It is exciting to know that TJ is starting to understand how to communicate. We plan on teaching him and using other signs in the next few months and I look forward to him picking these up too.

Friday, February 01, 2008

I Aint Nobody's Grandma!

So. . . get this. . . .

I was in a Wendy's the other day after a trip to the mall. I finished giving TJ a bottle and was getting ready to take him to the bathroom so we could change his diaper before the ride home. At that point we ran into a mom and her two-year-old boy. The boy was very excited to see a baby, so naturally, I stopped so that I could show off my son and have him interact with others.

We did the normal mom-kid exchanges. Ooh, what is your name, how old are you, I think the baby likes you. Yada, yada, yada. Of course most of this conversation involved the boy's mother serving as his interpreter. The mom was filling out an application to work at Wendy's and seemed a bit young and uneducated. Okay, maybe that assessment is not very fair of me, and maybe I am exposing my elitist side of me. However, I hope you will find that our next exchange totally validates my assessment.
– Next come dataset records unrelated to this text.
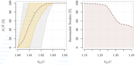 However, unsustainability issues originate from a poor choice of starting price by the public procuring entity. The left panel of Figure 7 shows how a starting price near the breakeven level (i.e., ) disincentivizes constructors to join the bid due to the constraints introduced in condition (8). It is worth noticing that this result is independent of the assumption made about the dependency . A tender that does not attract participants is clearly unsustainable from an economic perspective. The resources invested in promoting it are wasted, and the public works cannot be executed. Further, the opposite case (i.e., ) also implies the economic unsustainability of the tender, as the tender outcome implies and thus an excessive risk for the surety (i.e., an unsustainable cost for the winning bidder or the inability to underwrite the mandatory performance bond). The right panel of Figure 7 shows the results of our simulations in this perspective: the fraction of requests for a performance bond rejected by a given surety increases from ≈0% to ≈50% as passes from ≈1.25 C to ≈1.45 C.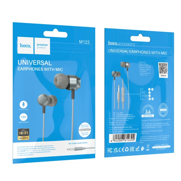 Наушники внутриканальные HOCO M122 с микр. серый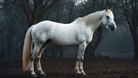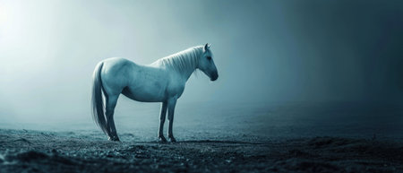 A striking image presents a herd of white horses amidst a misty, dark environment. The horses, with flowing manes, stand out with their bright coats. The composition employs a shallow depth of field, with soft focus and muted tones, suggesting a tranquil and evocative scene. Suitable for a variety of editorial and commercial projects.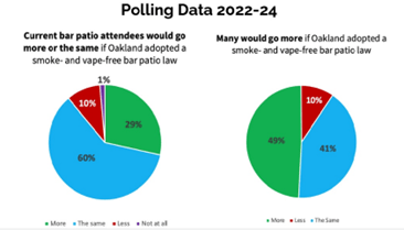 Surveys in Oakland reported in the LGBTQ Minus Tobacco and the Alameda County Tobacco Control Coalition’s slideshow (slide 14) provided consistent local results: Patrons would not change their behavior if patios were smoke-free or they would go to bars with patios more often.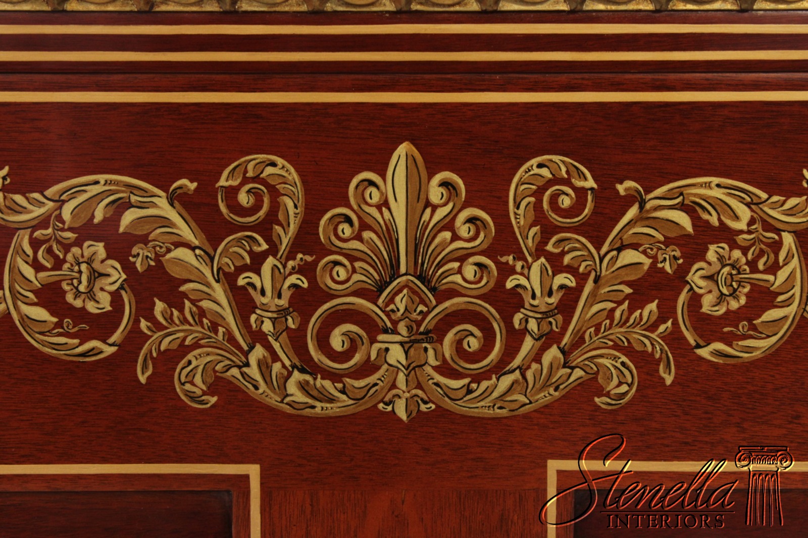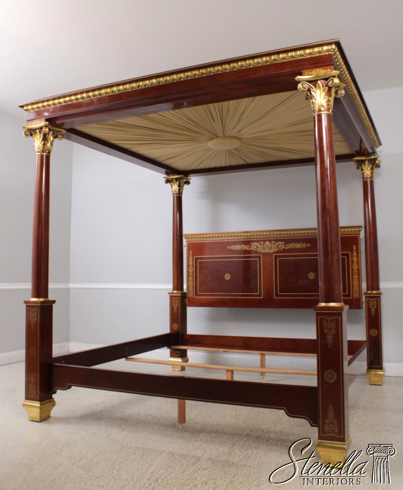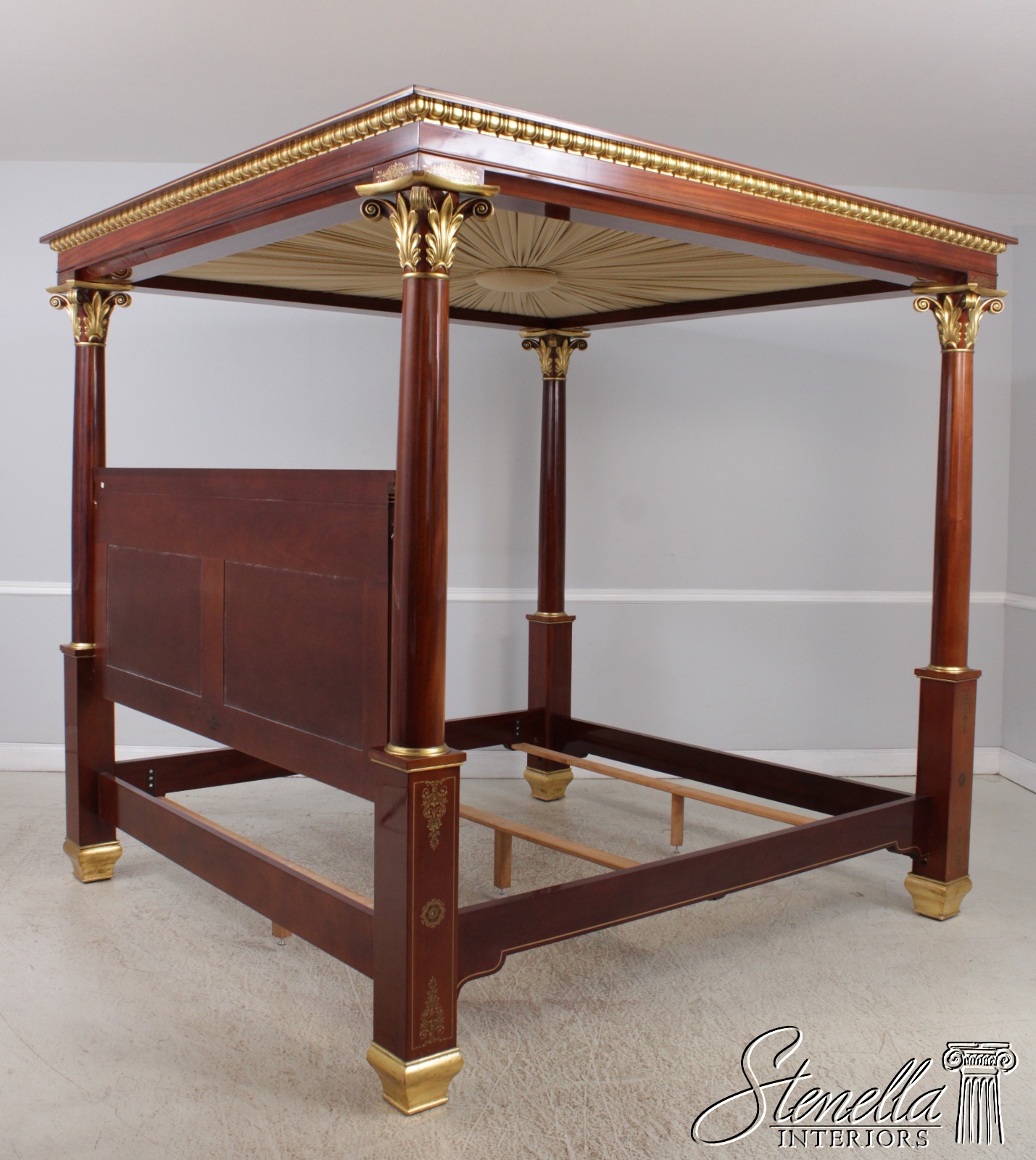 Details: Kindel Masterworks Collection Kent Finish Hand Stenciled Decorated Rich High Sheen Finish High Quality Construction Extremely Rare Model Large Impressive Bed American Empire Style Full Canopy Top w. Pleated Upholstered Insert Genuine Gold Gilt Details Offered @ Fraction Original Retail Cost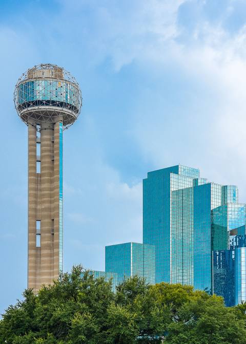 - Reunion Tower : Reunion Tower is a 561 ft observation tower in Dallas, Texas and one of the city's most recognizable landmarks. Located at 300 Reunion Boulevard in the Reunion district of downtown Dallas, the tower is part of the Hyatt Regency Hotel complex, and is the city's 15th tallest building. A free-standing structure until the construction of an addition to the Hyatt Regency Dallas in 1998, the tower was designed by architectural firm Welton Becket & Associates. Wikipedia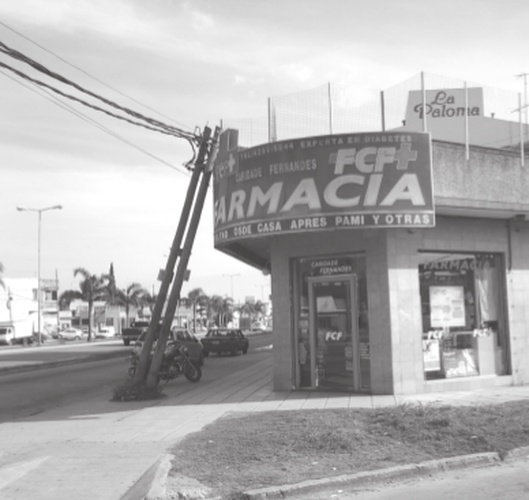 Desde el temporal del 29 de octubre, estos dos postes de tendido eléctrico quedaron apoyados por 20 días contra la Farmacia Caridade Fernandes, en la Avenida Eva Perón.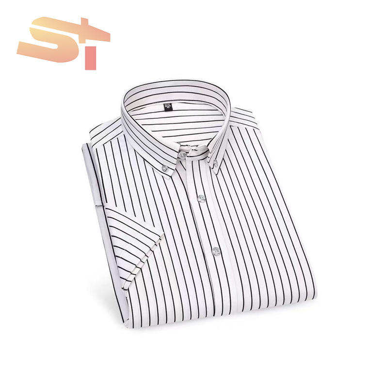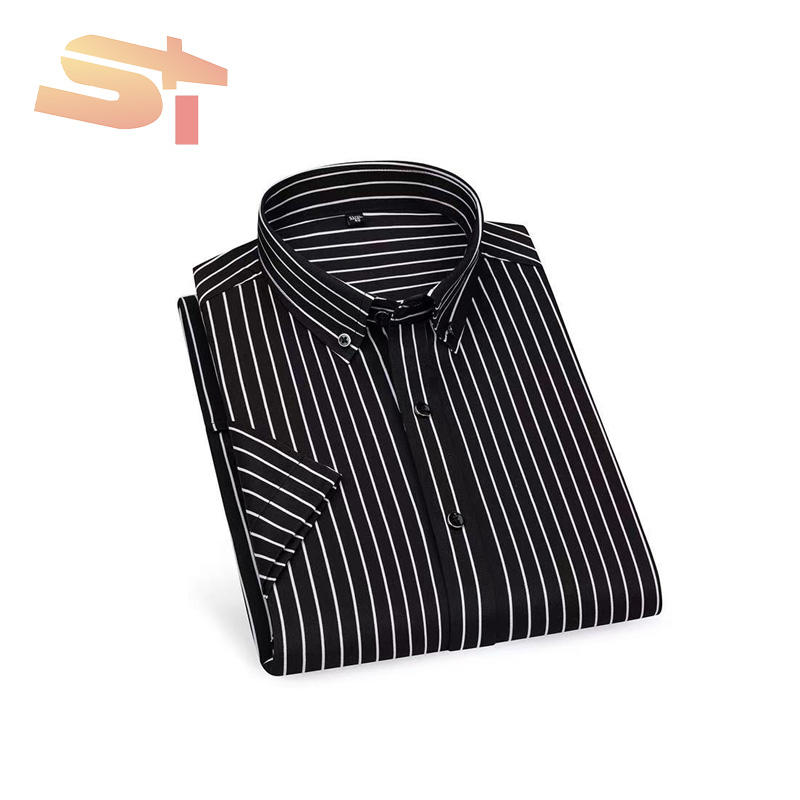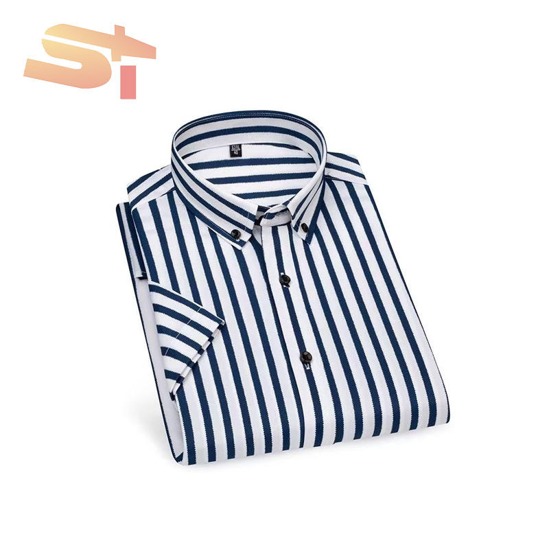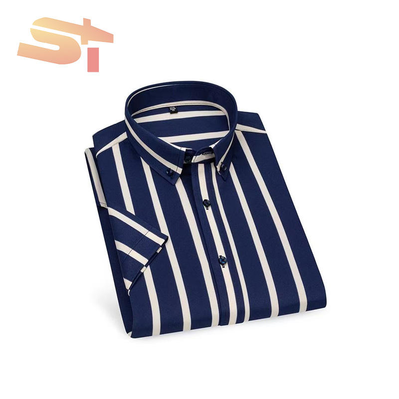 Camicia Estiva da Uomo SIKE a Maniche Corte in Seta Ghiaccio Elastica a Righe, Stile Coreano Casual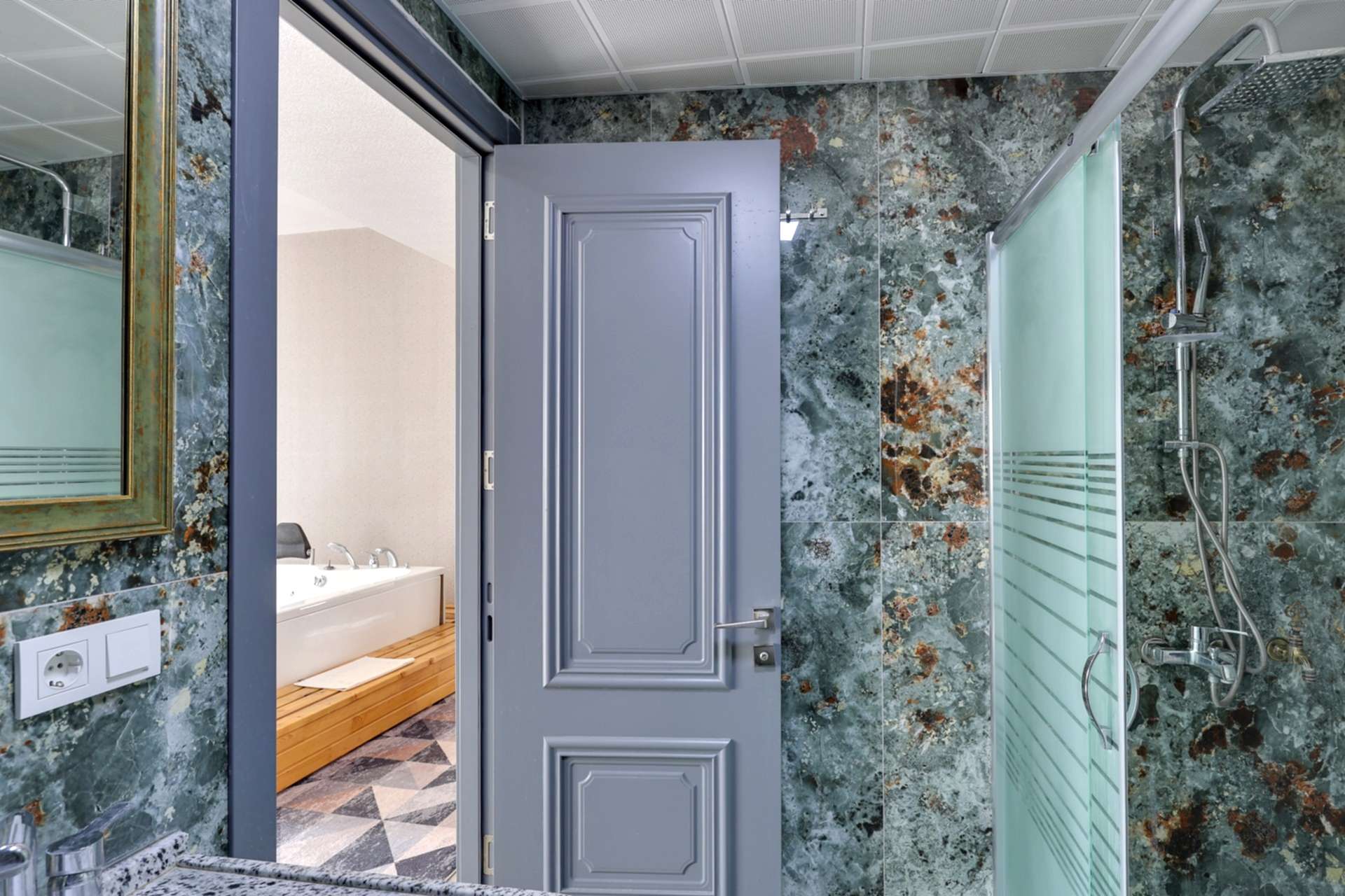 Suit oda, 1 yatak odası, 1 salon odası, 1 WC ve 1 banyo ile donatılmıştır. Banyoda büyük bir termal küvet bulunmaktadır, böylece günün yorgunluğunu atmak için harika bir fırsat sunmaktadır. Yatak odasında 2 kişilik yatak, gardolap ve şifonyer, Led TV gibi birçok olanak mevcuttur. Bu odada konforlu bir uyku için gerekli tüm özellikler mevcuttur.

After the pleasantries with the son, the mom looks up at me and says, "oh, are your TJ's grandma?" WHAT?! My mouth dropped. Did she really ask me if I was the grandmother of my son? Come on? Are you serious. I said, "no, I am his mom." What I really wanted to say is: "No. Some of us choose to wait after high school, go to college, get a high paying job, and then have children when we can support them." But I bit my tongue instead. Needless to say the conversation ended there. I think my tongue started to bleed by the time I walked into the bathroom.

I ain't nobody's grandma!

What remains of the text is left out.